The Fenty team's style has registered with some parents who marvel when they run into the mayor touring a school. But others wonder whether the administration is focusing too much on trying to make quick fixes that translate into easy political points at the expense of meaningful long-term reform.
For example, as Rhee fields e-mail after e-mail, Fenty has yet to hire the school ombudsman he promised would be appointed to investigate complaints from parents.
"The worry is that she will be overwhelmed because she seems to be trying to respond to everybody's problems," Mary Levy, director of the Public Education Reform Project for the Washington Lawyers' Committee, said of Rhee. "Parents e-mail, and she does get back, and she'll solve problems for them. That makes people feel wonderful. But she's only one person. There's only 24 hours in a day."

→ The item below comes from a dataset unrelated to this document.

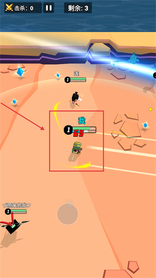2、战斗中控制【我】的角色移动,利用攻击键攻击敌人,同时注意躲避敌人的攻击以保持生命值。
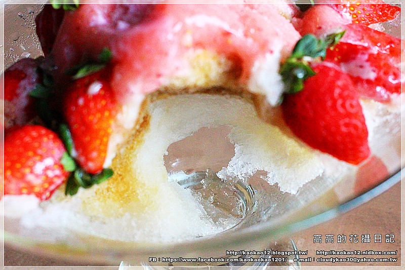 前面也有稍微提到,雖然這個巨無霸草莓冰底下鋪放的是刨冰,但卻是冰體相當細緻的刨冰哦,

Before Fenty took control, the Board of Education's nine members helped the superintendent deal with the bulk of calls and e-mails. Now, with the board's role largely advisory, members say they are unsure of what to tell constituents, other than to call the chancellor or mayor.

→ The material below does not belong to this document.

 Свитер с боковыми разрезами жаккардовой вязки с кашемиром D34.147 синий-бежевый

Rhee said she is not overwhelmed because she has developed a reliable response system. When she receives an e-mail, she said, she responds personally. She hears from parents with questions about facilities, staffers who haven't received paychecks, civic associations that want her to speak at their meetings.
If she cannot fully address the concern, she forwards the e-mail to her "critical response team," headed by special assistant Richard Nyankori. He works with various departments in the central office to find an answer and, once he does, Rhee follows up with another e-mail.
"You can't always give them the answer they want, but they always get an answer," Rhee said. "People are actually -- and this is really surprising to me -- they are okay with that."
Brian Lang, an advisory neighborhood commissioner in Ward 4, has tested Rhee. He was concerned about poor renovation work at Brightwood Elementary. So Lang sent Rhee a message inviting her for a tour. Two weeks ago, she showed up with Fenty in tow. They toured the building, including the roof, and waited for school construction officials to arrive even after Lang left for another meeting.
"It's very encouraging they are taking the state of schools seriously," said Lang, who has a follow-up meeting with Rhee and Fenty this week. "It speaks to the level of involvement that she will bring to the central office."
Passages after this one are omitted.